With God is terrible majesty, and the glory of it is such
as sooner or later will oblige us all to flee before him. 2. Those that will not
fear God and flee to him will be forced to fear him and flee from him to a
refuge of lies. 3. It is folly for those that are pursued by the wrath of God to
think to escape it, and to hide or shelter themselves from it. 4. The things of
the earth are things that will be shaken; they are subject to concussions, and
hastening towards a dissolution. 5. The shaking of the earth is, and will be, a
terrible thing to those who set their affections wholly on things of the earth.
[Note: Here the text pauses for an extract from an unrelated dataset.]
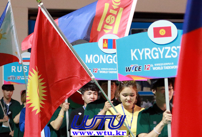 | ▲ © Each country flag bearer at the closing ceremony of the 12th World Taekwondo Culture Expo 제12회 세계태권도문화엑스포 폐막식에서 각 국가 기수들 모습 (WTU) |

6. It will be in vain to think of finding refuge in the caves of the earth when
the earth itself is shaken; there will be no shelter then but in God and in
things above.
II. To humble and abase proud sinners, that look big, and think
highly of themselves, and scornfully of all about them (v. 11):
The lofty
looks of man shall be humbled. The eyes that aim high, the countenance in
which the pride of the heart shows itself, shall be cast down in shame and
despair. And the
haughtiness of men shall be bowed down, their spirits
shall be broken, and they shall be crest-fallen, and those things which they
were proud of they shall be ashamed of. It is repeated (v. 17),
The loftiness
of man shall be bowed down. Note, Pride will, one way or other, have a fall.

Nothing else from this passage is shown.